# My 1932 Ford Phaeton



## MadCap Romanian (Oct 29, 2005)

Here's some pictures of the AMT 1932 Ford Phaeton in 1/25th scale. 

Pinstripes and custom work done by me.


----------



## Auroranut (Jan 12, 2008)

Looks cool Trevor! I like the aircleaner and the tiki style face on the back. You have really good brush control!:thumbsup::thumbsup::thumbsup:

Chris.


----------



## the Dabbler (Feb 17, 2005)

Nifty job there Trevor, some ace pinstriping, especially on such a small scale!! You mentioned you use One-Shot lettering paint, have you ever come across Clear Fibroseal paint extender. I used to use both when I was painting signs ( also Ronan ) but it seems Fibroseal is hard to find these days.

PS. I'm a little curious about your basic color choice.


----------



## MadCap Romanian (Oct 29, 2005)

Hi Dabs,

Never heard of it, but that's OK as I'm just starting out with One Shot. I'll probably come across it sometime, or know someone who knows about it. 

I want to save up and get the Neon paints. I just have the basic set of 5 paints : Red, Yellow, and Blue with Black and White. I don't have the extenders or reducers and I'm just using General Purpose paint thinner. It seems to work.

As for the basic colour, it's Tremclad Red Oxide Primer and Tremclad Flat White.

I built this model in 5 days. Put the freshly painted parts in the car on a hot day and they were dry in under 1 hour, which us fast for this kind of paint.

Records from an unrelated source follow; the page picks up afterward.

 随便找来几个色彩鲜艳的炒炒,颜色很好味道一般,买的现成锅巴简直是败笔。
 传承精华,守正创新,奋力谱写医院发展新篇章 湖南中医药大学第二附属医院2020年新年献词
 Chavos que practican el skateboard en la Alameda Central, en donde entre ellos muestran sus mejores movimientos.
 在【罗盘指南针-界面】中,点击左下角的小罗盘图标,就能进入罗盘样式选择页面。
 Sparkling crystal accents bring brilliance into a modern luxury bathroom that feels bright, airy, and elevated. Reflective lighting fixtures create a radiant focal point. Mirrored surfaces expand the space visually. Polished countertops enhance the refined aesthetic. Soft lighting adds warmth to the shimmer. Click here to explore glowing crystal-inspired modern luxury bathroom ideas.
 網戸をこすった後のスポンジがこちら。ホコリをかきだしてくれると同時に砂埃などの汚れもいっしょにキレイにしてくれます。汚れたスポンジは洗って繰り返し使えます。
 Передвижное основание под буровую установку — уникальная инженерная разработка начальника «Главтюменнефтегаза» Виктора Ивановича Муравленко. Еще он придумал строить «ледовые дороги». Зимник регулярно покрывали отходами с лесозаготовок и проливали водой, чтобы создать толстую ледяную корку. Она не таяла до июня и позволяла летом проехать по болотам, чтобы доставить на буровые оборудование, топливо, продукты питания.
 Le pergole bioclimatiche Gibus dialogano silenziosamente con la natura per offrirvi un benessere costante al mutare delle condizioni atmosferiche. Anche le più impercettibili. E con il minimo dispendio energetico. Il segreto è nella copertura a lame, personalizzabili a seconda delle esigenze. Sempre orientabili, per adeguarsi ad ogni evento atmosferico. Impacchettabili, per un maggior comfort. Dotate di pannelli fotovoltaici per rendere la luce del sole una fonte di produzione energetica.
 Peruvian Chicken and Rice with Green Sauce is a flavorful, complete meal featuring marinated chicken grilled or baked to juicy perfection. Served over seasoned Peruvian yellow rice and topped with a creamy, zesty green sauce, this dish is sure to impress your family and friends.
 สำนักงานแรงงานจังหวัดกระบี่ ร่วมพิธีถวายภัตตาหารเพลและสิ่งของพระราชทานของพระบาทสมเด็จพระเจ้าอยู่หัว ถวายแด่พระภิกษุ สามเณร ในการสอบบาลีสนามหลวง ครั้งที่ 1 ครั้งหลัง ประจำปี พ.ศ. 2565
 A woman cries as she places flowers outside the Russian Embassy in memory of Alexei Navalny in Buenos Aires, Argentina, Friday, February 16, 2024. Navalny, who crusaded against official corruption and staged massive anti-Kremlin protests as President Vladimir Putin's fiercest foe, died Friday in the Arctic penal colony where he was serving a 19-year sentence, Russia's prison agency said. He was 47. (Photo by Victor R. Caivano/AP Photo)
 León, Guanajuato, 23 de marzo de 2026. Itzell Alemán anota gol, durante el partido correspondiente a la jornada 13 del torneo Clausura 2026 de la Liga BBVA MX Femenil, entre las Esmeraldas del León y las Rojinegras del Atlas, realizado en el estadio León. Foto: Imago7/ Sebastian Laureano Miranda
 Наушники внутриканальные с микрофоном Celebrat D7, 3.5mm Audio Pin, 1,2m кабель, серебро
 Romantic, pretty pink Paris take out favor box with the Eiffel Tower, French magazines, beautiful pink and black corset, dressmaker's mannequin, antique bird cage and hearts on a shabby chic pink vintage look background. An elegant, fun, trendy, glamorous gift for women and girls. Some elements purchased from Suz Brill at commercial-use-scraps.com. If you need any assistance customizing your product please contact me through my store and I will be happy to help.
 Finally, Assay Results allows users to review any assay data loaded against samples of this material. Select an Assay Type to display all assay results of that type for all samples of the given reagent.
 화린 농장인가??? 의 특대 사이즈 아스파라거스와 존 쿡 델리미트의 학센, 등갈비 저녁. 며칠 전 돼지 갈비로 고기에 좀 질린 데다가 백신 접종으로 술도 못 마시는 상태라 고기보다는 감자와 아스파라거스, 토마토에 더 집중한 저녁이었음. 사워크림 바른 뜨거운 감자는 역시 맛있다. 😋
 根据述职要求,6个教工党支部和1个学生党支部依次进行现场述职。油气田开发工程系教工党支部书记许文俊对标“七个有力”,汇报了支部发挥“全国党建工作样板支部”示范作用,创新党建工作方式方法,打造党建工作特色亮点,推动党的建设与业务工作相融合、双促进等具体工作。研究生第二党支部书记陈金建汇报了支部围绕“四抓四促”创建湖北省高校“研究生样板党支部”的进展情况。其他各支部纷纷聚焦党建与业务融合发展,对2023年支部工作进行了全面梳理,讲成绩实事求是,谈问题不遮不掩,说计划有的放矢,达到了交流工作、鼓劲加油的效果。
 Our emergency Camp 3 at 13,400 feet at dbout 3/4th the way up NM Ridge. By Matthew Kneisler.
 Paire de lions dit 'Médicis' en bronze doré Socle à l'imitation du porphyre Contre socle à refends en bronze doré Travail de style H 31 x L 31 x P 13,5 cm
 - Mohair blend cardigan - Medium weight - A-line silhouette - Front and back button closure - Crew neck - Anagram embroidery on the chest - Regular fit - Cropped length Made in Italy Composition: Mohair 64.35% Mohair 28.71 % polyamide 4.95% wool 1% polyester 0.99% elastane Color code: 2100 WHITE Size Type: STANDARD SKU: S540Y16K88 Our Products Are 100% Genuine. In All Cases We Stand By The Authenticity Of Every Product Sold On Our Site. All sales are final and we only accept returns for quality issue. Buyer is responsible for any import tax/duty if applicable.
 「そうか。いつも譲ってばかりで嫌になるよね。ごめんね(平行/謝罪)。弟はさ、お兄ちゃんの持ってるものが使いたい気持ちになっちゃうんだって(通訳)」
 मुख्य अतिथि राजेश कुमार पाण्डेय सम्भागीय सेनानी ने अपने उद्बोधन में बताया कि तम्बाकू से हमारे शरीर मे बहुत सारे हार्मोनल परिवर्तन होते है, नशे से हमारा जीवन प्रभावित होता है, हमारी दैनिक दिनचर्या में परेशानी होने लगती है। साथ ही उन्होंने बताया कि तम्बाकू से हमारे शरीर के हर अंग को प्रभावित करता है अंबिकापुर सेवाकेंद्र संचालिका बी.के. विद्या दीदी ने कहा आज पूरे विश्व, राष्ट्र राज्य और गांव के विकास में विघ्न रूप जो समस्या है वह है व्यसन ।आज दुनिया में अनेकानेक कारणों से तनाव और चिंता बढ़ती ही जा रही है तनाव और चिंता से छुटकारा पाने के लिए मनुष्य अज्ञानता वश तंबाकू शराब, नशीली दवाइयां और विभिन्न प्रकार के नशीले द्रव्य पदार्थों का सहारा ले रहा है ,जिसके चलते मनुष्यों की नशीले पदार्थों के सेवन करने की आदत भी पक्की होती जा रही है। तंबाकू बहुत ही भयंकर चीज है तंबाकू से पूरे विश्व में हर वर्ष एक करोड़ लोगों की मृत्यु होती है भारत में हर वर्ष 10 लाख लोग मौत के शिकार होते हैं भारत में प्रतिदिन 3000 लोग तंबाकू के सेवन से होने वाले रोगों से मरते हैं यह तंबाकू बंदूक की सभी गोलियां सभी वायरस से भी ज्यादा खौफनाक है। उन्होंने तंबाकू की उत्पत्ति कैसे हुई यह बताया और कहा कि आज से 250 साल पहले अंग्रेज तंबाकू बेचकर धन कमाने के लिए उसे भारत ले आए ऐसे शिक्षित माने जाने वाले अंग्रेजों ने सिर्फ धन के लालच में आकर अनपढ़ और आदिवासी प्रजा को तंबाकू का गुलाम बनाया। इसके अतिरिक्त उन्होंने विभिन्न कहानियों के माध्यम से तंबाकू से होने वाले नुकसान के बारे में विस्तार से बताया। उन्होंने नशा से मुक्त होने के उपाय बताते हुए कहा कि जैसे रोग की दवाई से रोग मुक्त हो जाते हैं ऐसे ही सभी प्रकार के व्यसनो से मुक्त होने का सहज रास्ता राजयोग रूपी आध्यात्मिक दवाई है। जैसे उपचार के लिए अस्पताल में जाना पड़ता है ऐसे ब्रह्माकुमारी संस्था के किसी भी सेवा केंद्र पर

Auroranut : My hand was shaking like crazy trying to do this. Glad you like how it turned out!  ThanX again!


----------



## djnick66 (May 2, 2008)

That looks really cool. I like the custom painting... very original. I built the same kit stock, and its not an easy build. Very frustrating. One tip, should you build a second kit sometime, is to glue the interior into the body shell first, then shim and putty the huge gaps. The top of the interior should be flush with the top of the body and doors. This prevents you from being able to see between the interior and body and out the bottom of the car. I masked the seam for the interior and exterior colors, and it came out nice.


----------



## MadCap Romanian (Oct 29, 2005)

Too true! When I built the kit originally in the earily 1990's, it didn't have that gap. The new release, which this kit was built on, has it and because of it, I had to glue the interior to the fenders and then snake the body onto it after I had painted and installed the dash board.


----------



## Jafo (Apr 22, 2005)

nice job


----------